The journal over time published contributions by poets affiliated with the Academy of American Poets and fiction by writers who later received recognition from awards like the Pulitzer Prize and the National Book Award. Editors often maintained networks with literary figures tied to small presses, university presses such as Oxford University Press and Cambridge University Press, and cultural editors from periodicals including Poetry (magazine), The Nation, and Commonweal.

Content and Themes

Typical content mixed creative literature—poems, short fiction, serialized essays—with critical reviews of books, legal opinions, and commentary on public policy. The magazine published essays addressing constitutional debates that invoked cases from the Supreme Court of the United States, commentary on foreign policy concerning European Union precursors, analyses of trade and tariff disputes invoking figures like Alexander Hamilton in historical perspective, and cultural criticism about movements such as Transcendentalism and later Modernism.
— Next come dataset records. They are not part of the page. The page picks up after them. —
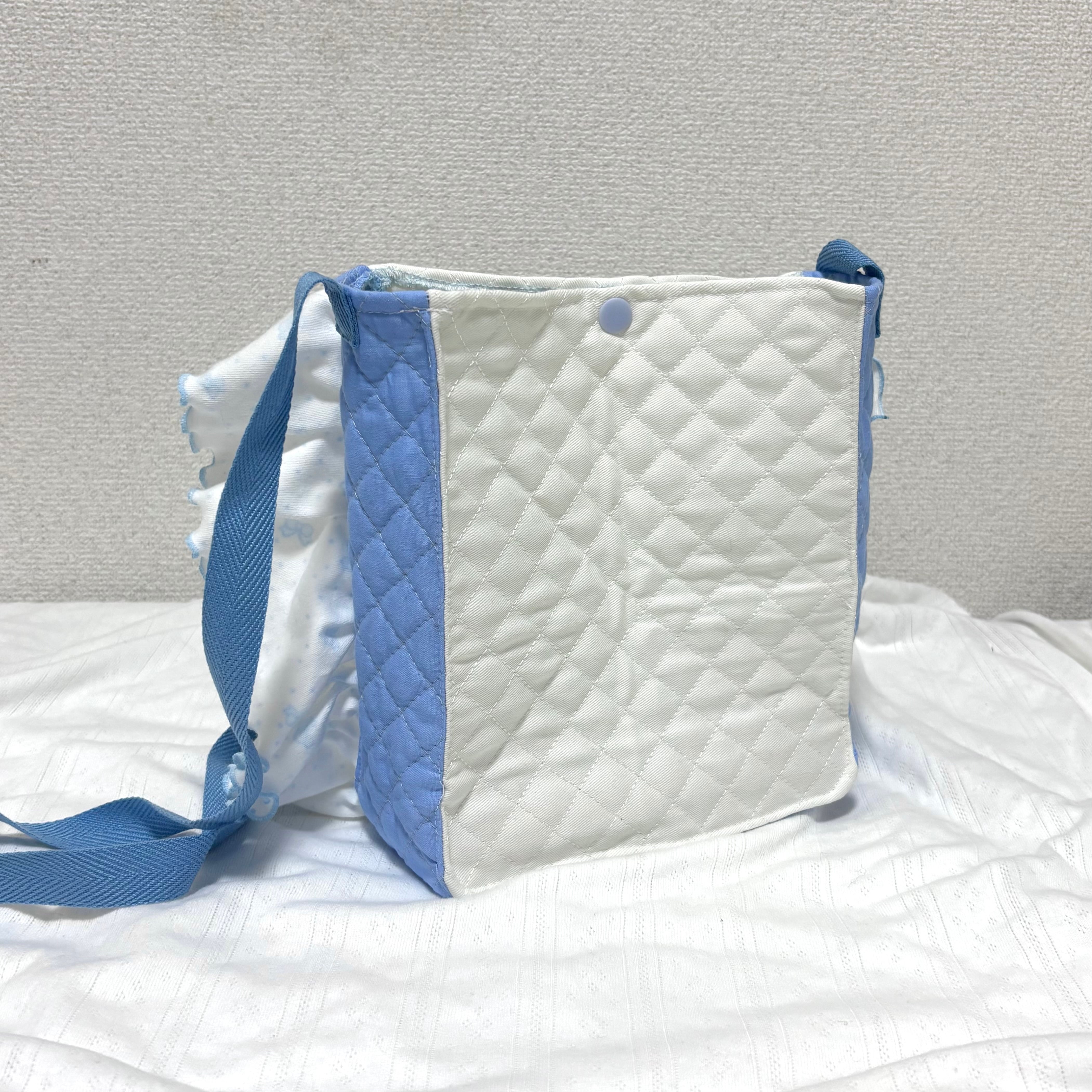 水色の生地を組み合わせたコラージュショルダーバッグ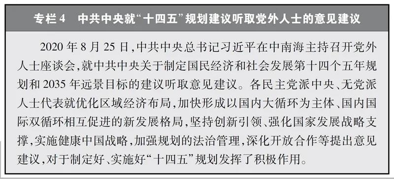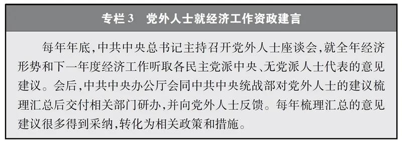 围绕国家方针政策的制定和重大战略的实施献计出力。就国家政治、经济、社会生活中的全局性、战略性、前瞻性重大问题开展考察调研,提出意见建议,是各民主党派、无党派人士发挥作用的重要渠道。多年来,各民主党派中央、无党派人士围绕“一带一路”建设、京津冀协同发展、长江经济带发展、粤港澳大湾区建设、长三角一体化发展、创新驱动引领高质量发展、推进供给侧结构性改革等关系国计民生的重大问题深入考察调研,向中共中央、国务院提出的许多意见建议被采纳。中国共产党积极完善知情明政机制、考察调研机制、工作联系机制、协商反馈机制,为各民主党派、无党派人士知情出力创造条件。
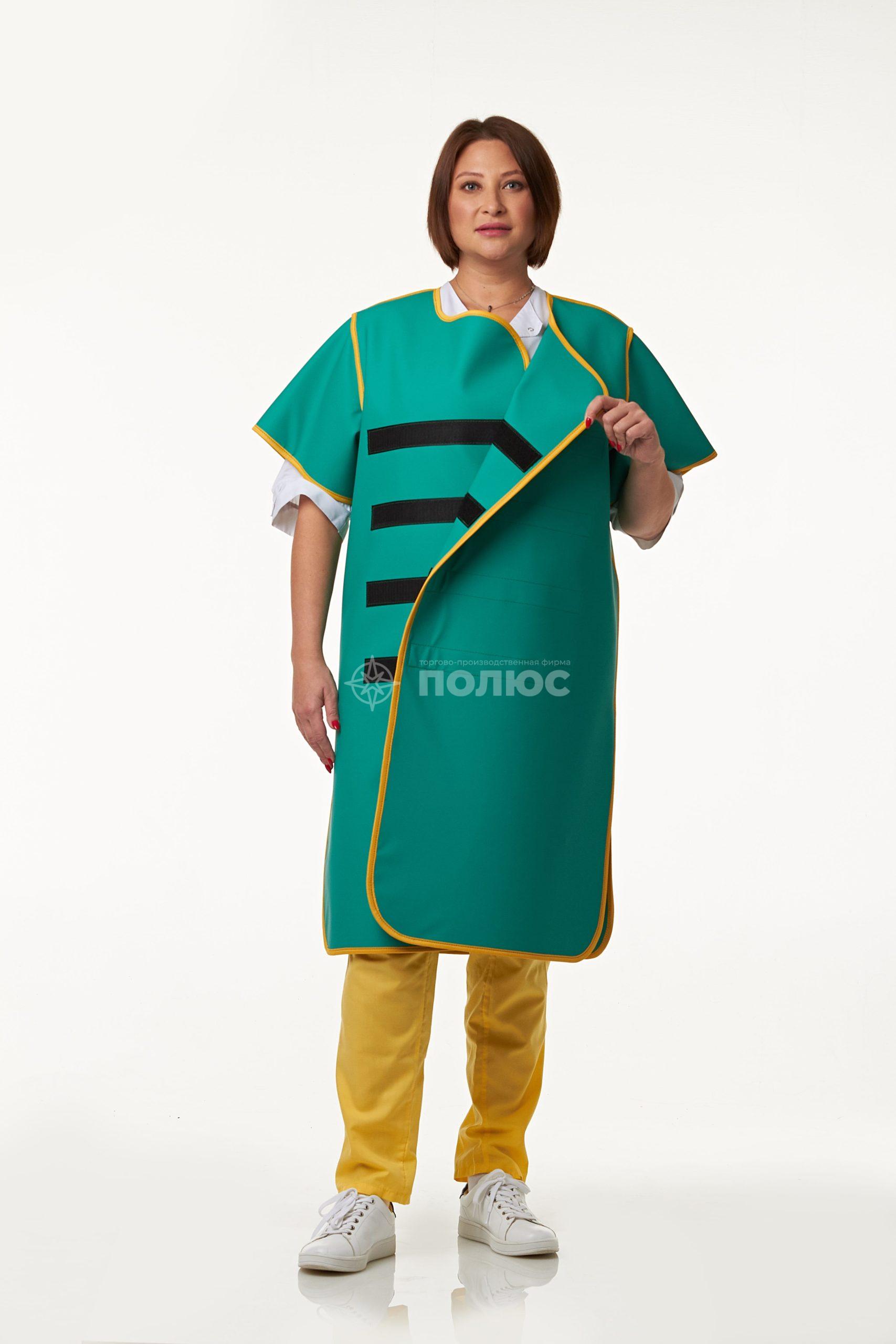 Халат рентгенозащитный — длинная защитная одежда с рукавами, закрывающая корпус, плечи и руки. Применяется в интервенционных и операционных, где требуется максимальная защита тела от рассеянного рентгеновского излучения.

Recurring themes included national identity discussions tied to the aftermath of the War of 1812, sectional reconciliation after the Civil War, industrialization critiques amid the Gilded Age, reform during the Progressive Era, and 20th-century debates over interventionism during episodes like the Vietnam War and the Korean War. Literary criticism engaged with the oeuvres of authors from Emily Dickinson to William Faulkner and debates about aesthetics linked to schools such as New Criticism.

Publication Format and Distribution

Originally printed in Boston as a quarterly, the periodical transitioned through various formats—monthly, bimonthly, and irregular issues—reflecting shifts in publishing economics and distribution networks tied to rail and mail routes connecting cities like Philadelphia, Baltimore, and Chicago. Ownership and production moved among private publishers, university-affiliated presses, and independent editors operating in urban centers including Ithaca, New York and New York City.

Circulation strategies adapted with the rise of magazine subscription models, reviews syndicated to newspapers like the New York Times and discussions carried in periodicals such as The Atlantic Monthly. In the digital era the title expanded online presence alongside archival projects in collaboration with university libraries and digitization initiatives connected to institutions such as the Library of Congress.

Influence and Reception

Throughout its run the magazine influenced literary reputations, public intellectual debates, and policy conversations—shaping perceptions of figures from Abraham Lincoln to Franklin D. Roosevelt—and contributed to the careers of poets, novelists, and essayists later honored by prizes including the Pulitzer Prize and the National Book Critics Circle Award. Critical reception varied: praised in periods for fostering vigorous debate alongside magazines like Harper's and The New Republic, while at times criticized during controversies tied to editorial stances amid the Red Scare and cultural shifts in the 1960s.

Academic scholarship on the periodical appears in histories of American letters produced by scholars at Harvard University, Yale University, and Columbia University, and its archives are frequently consulted by researchers tracing connections among journalism, literature, and public policy across American history.